Given records:
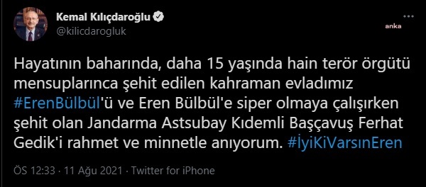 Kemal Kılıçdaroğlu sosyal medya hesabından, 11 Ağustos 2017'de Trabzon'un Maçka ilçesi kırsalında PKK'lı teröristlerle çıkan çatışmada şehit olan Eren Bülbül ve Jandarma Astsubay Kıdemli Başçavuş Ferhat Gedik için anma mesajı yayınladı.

* * *

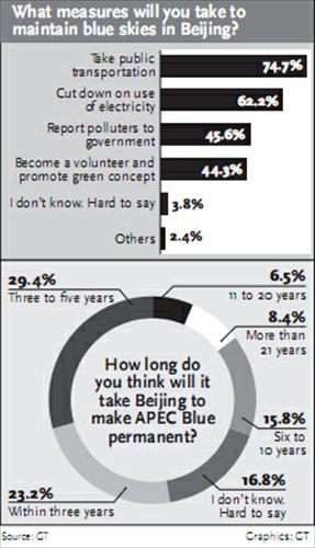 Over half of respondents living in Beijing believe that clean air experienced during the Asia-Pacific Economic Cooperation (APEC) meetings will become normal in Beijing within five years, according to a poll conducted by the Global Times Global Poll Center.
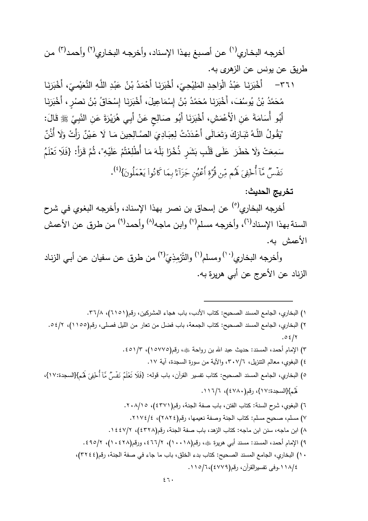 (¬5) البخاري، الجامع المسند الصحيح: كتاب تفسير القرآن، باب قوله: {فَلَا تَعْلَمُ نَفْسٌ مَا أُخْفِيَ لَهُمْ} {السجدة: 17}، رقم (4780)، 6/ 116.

Task objective: Using the records above, return word for word the lines that begin at the one containing "Over half of" and end at the one containing "(¬5) البخاري، الجامع", both of them included and no pictures.

Output of the exercise:
 Over half of respondents living in Beijing believe that clean air experienced during the Asia-Pacific Economic Cooperation (APEC) meetings will become normal in Beijing within five years, according to a poll conducted by the Global Times Global Poll Center.
 (¬5) البخاري، الجامع المسند الصحيح: كتاب تفسير القرآن، باب قوله: {فَلَا تَعْلَمُ نَفْسٌ مَا أُخْفِيَ لَهُمْ} {السجدة: 17}، رقم (4780)، 6/ 116.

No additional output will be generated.